* **Problem details**
Leave the pictures out. Retype exactly the lines below from the one containing "This paper introduces" through the one containing "医院学校家用儿童抑菌洗手液芦荟香抗菌杀菌消毒泡沫型按压瓶500g", and no others.

Records from a data source:
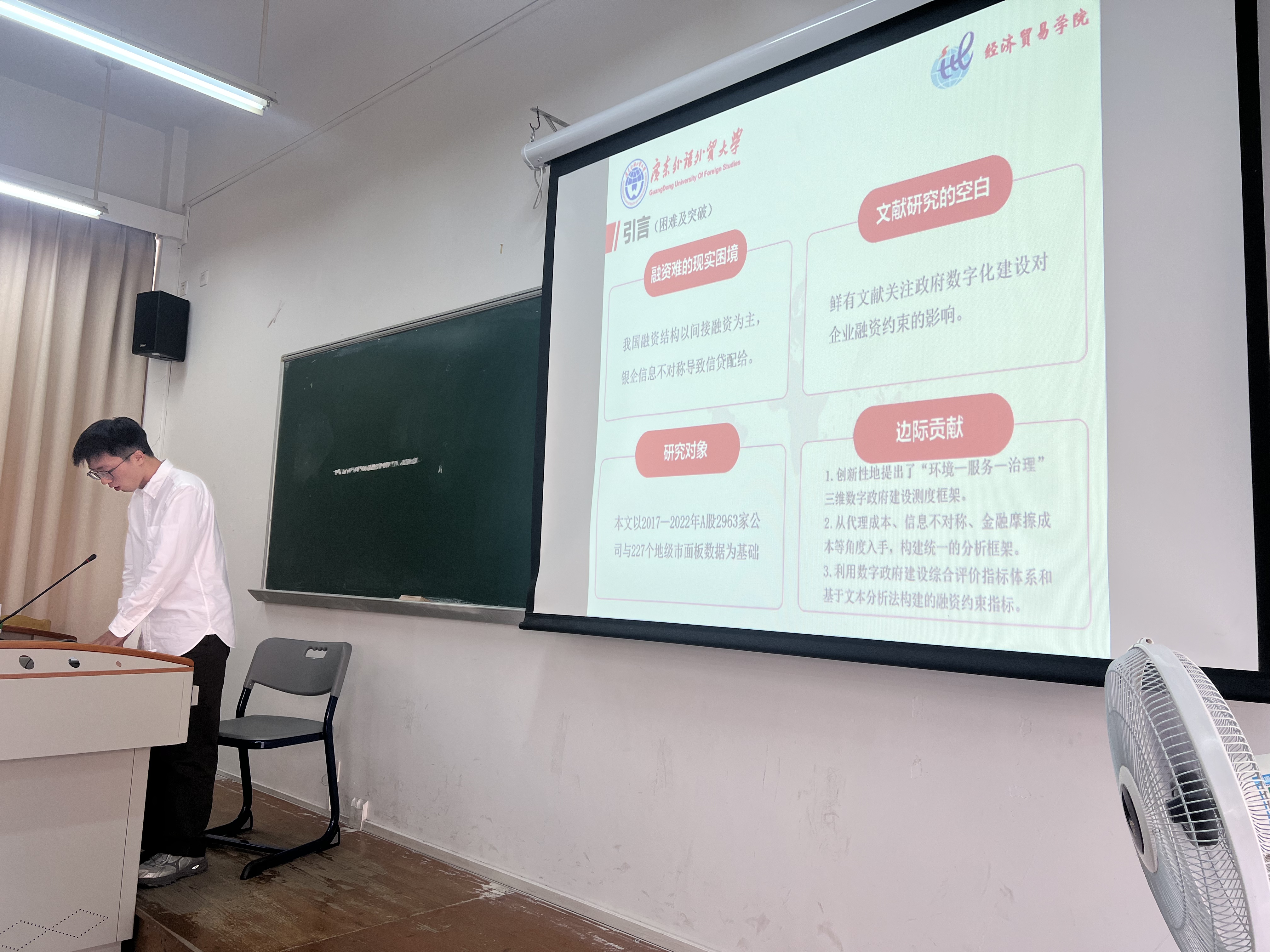 2025年10月16日下午14点30分,经贸学院2025年第9期(总期第97期)国贸理经学术论坛在教学楼B座308室顺利举行。本次论坛由经贸学院董洁妙老师主持,硕士研究生周元瑞同学聚焦当前经济热点,汇报了发表于《经济研究》的重磅论文《数字政府建设与企业融资约束》。该议题紧扣国家发展战略与市场主体关切,吸引了学院各级研究生同学积极参与本次深度学术研讨活动。
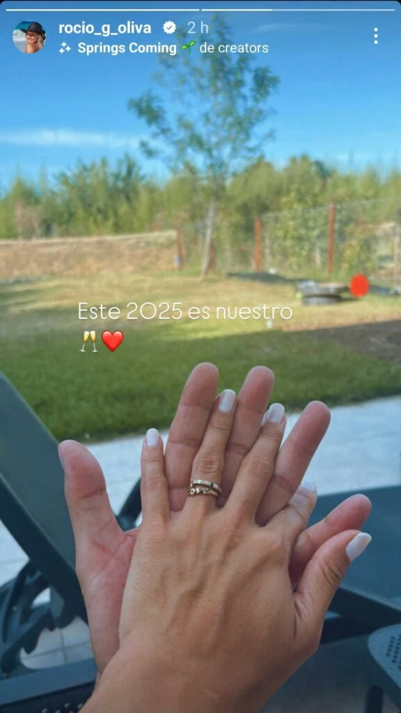 En la imagen, Rocío mostró su mano y la de un hombre entrelazadas. "Este 2025 es nuestro", escribió la joven sobre la postal, sumándole un emoji de brindis y un corazón rojo. El detalle que llamó la atención de sus seguidores es el particular cintillo que lleva en el dedo anular.
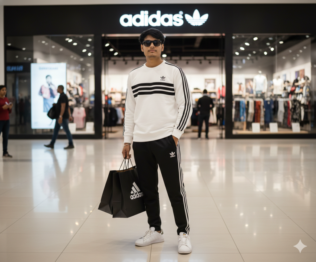 Create an image A stylish young Boy 18 years Boy standing inside a modern shopping mall in front of an Adidas store He is wearing a Sunglasses, and a confident, calm expression. He is wearing a white Adidas sweatshirt with black triple stripes running down both sleeves, black Adidas track pants with white stripes on the sides, and clean white sneakers. He is holding two black Adidas shopping bags in his left hand while his right hand rests casually in his pocket. The mall floor is glossy and reflective, with bright ambient lighting. Behind him, the Adidas storefront is visible with illuminated signage and glass walls. The background is slightly blurred (shallow depth of field), emphasizing the subject sharply in focus. The lighting is soft, balanced, and natural, giving a premium, lifestyle fashion photoshoot vibe. Full-body shot, eye-level angle, symmetrical composition, ultra-realistic photography, high detail, cinematic color grading, sharp focus, professional fashion photography, 4k resolution, Do not edit or change my face.
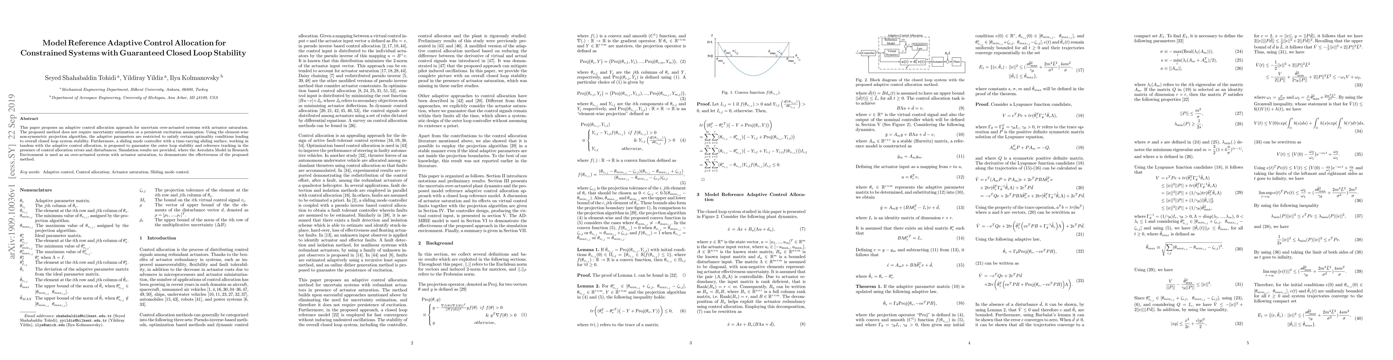 This paper introduces an adaptive control allocation method for uncertain over-actuated systems with actuator saturation, ensuring closed-loop stability without requiring uncertainty estimation. The method employs a non-symmetric projection algorithm and a sliding mode controller to guarantee stability and reference tracking.
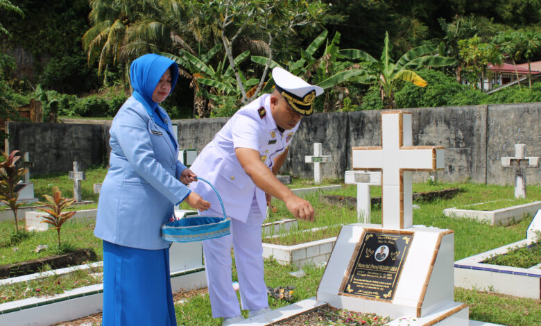 Ziarah dan Tabur Bunga dipimpin langsung oleh Danlanal Nias Kolonel Laut (P) Wishnu Ardiansyah, S.E., M.Tr.Hanla., M.M., CHRMP., didampingi Ketua Jalasenastri Cabang 5 Korcab II DJA 1 Ny. Indria Wishnu Ardiansyah, beserta Perwira Staf dan Anggota Jalasenastri.
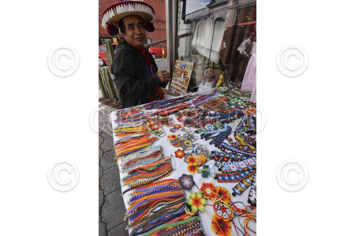 TOLUCA, ESTADO DE MÉXICO, 12NOVIEMBRE2018.- Julio García, indígena Huichol originario de Jalisco elabora pulseras, aretes, collares, llaveros elaborados de cuentas de chaquira, con gran paciencia hace diferentes figuras coloridas, que vende en las calles de la ciudad de Toluca, su familia se dedica por completo a esto y salen a vender a diversos estados de la República Mexicana. FOTO: ARTEMIO GUERRA BAZ /CUARTOSCURO.COM
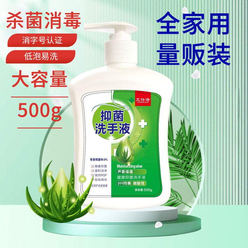 医院学校家用儿童抑菌洗手液芦荟香抗菌杀菌消毒泡沫型按压瓶500g
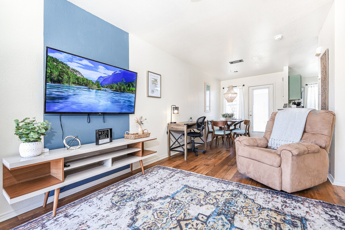 Welcome to ZRoyalStay apartment, where you can lounge in unparalleled comfort in our 2-br, 1-ba unit – ideal for both short and extended stays. We have a remarkable offer that not only saves you money but also ensures the highest level of comfort during your TDY or per diem travel. Book with ZRoyal Stay today. As you enter, you'll be greeted by a cozy living room featuring a comfortable sofa, a 50-inch Smart TV, and lightning-fast 200 MB high-speed WiFi to cater to your work or streaming needs.
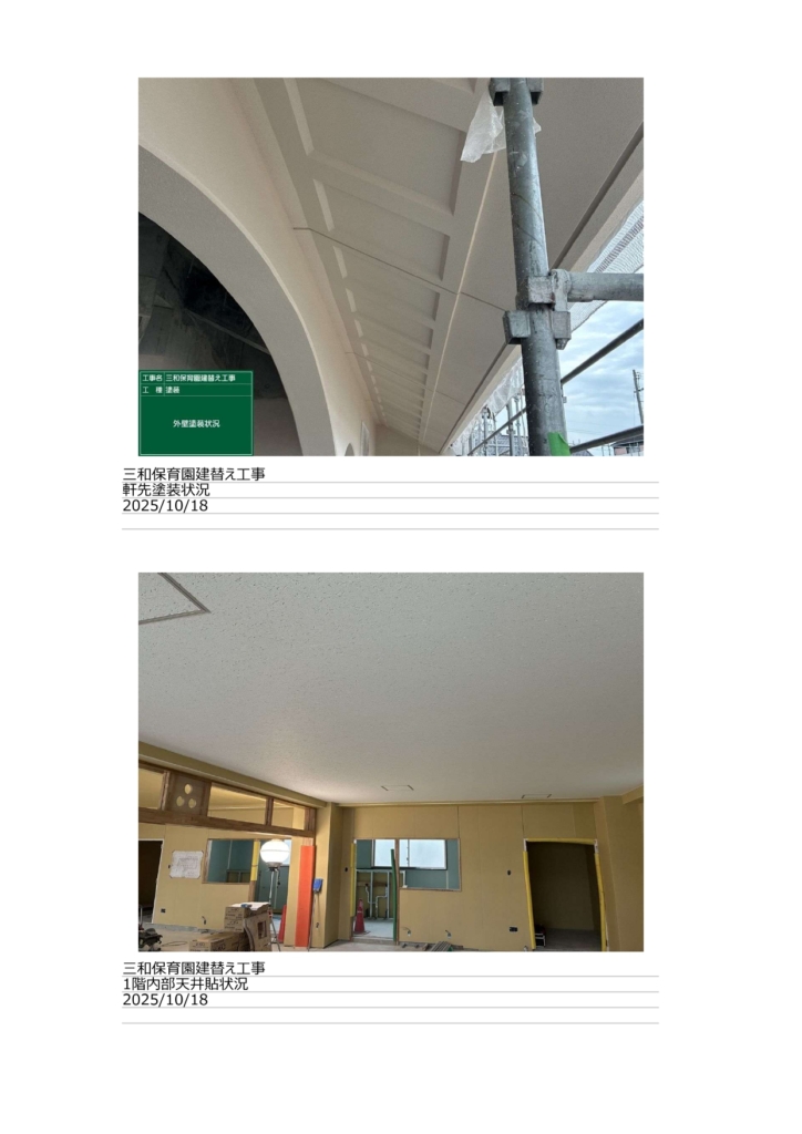 外装工事では、屋上防水・外部吹付け塗装を継続施工し、内装工事では、間仕切り壁ボード貼り・天井下地組を施工中です。
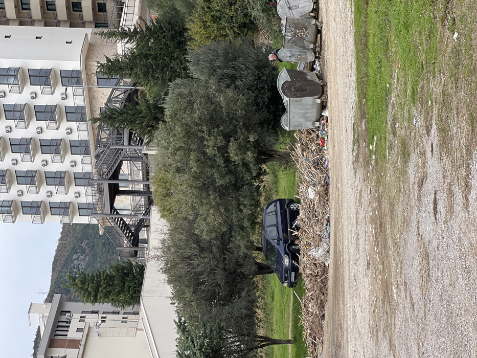 The scene in Boreti, Montenegro, depicts an outdoor area under an overcast sky. The foreground consists of unpaved, gravelly ground with intermittent patches of green grass. In the midground, a substantial pile of wooden sticks, branches, and mixed plastic/fabric debris is situated towards the left. Immediately behind this debris, a dark blue Opel Zafira minivan, bearing Greek license plate XAM 2635, is parked on a grassy expanse. To the right of the debris pile, a line of three large, grey, wheeled metal waste containers are positioned on unpaved ground. An adult male, with light-colored hair and wearing a dark jacket, stands with his back partially to the viewer, facing the waste containers on the far right. Multiple deciduous trees with dark green foliage are distributed across the midground, behind the debris pile, minivan, and near the waste containers. The background is dominated by a tall, modern white building with numerous floors, each featuring balconies with black railings and dark windows. A complex dark grey metal exterior staircase system is attached to the lower levels of this building, which has a stone-clad base. To the left of the main white building, another lighter-colored building is partially visible. A forested mountain range forms the distant backdrop.
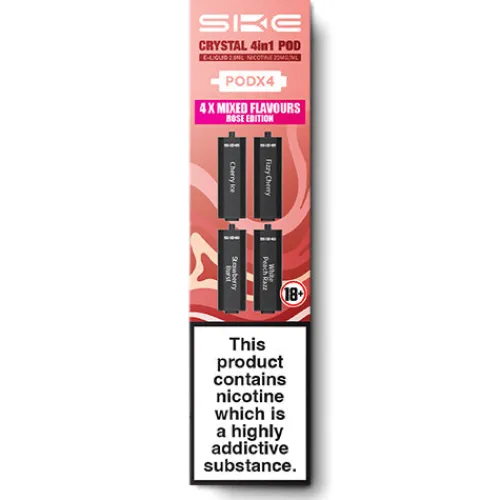 SKE Crystal 2400 Rose Edition pods for use with the Crystal 2400 pod kit. Filled with 4 x delicious red fruit & berry blends.
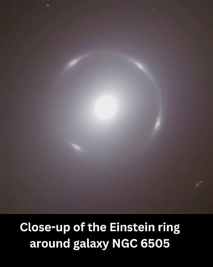 ইউরোপিয়ান স্পেস এজেন্সির (ESA) ইউক্লিড টেলিস্কোপ হঠাৎ করেই বিরল একটি ‘আইনস্টাইন রিং‘ খুঁজে পেয়েছে। এটি দেখা গেছে NGC 6505 গ্যালাক্সির চারপাশে । পৃথিবী থেকে এই গ্যালাক্সির দূরত্ব ৫৯০ মিলিয়ন আলোকবর্ষ। NGC 6505 গ্যালাক্সিটি আবিষ্কৃত হয়েছিল ঊনবিংশ শতাব্দীর শেষভাগে। কিন্তু এর আগে এই গ্যালাক্সির চারপাশে আইনস্টাইন রিংয়ের সন্ধান পাওয়া যায়নি।

* **Task solution**
 This paper introduces an adaptive control allocation method for uncertain over-actuated systems with actuator saturation, ensuring closed-loop stability without requiring uncertainty estimation. The method employs a non-symmetric projection algorithm and a sliding mode controller to guarantee stability and reference tracking.
 Ziarah dan Tabur Bunga dipimpin langsung oleh Danlanal Nias Kolonel Laut (P) Wishnu Ardiansyah, S.E., M.Tr.Hanla., M.M., CHRMP., didampingi Ketua Jalasenastri Cabang 5 Korcab II DJA 1 Ny. Indria Wishnu Ardiansyah, beserta Perwira Staf dan Anggota Jalasenastri.
 TOLUCA, ESTADO DE MÉXICO, 12NOVIEMBRE2018.- Julio García, indígena Huichol originario de Jalisco elabora pulseras, aretes, collares, llaveros elaborados de cuentas de chaquira, con gran paciencia hace diferentes figuras coloridas, que vende en las calles de la ciudad de Toluca, su familia se dedica por completo a esto y salen a vender a diversos estados de la República Mexicana. FOTO: ARTEMIO GUERRA BAZ /CUARTOSCURO.COM
 医院学校家用儿童抑菌洗手液芦荟香抗菌杀菌消毒泡沫型按压瓶500g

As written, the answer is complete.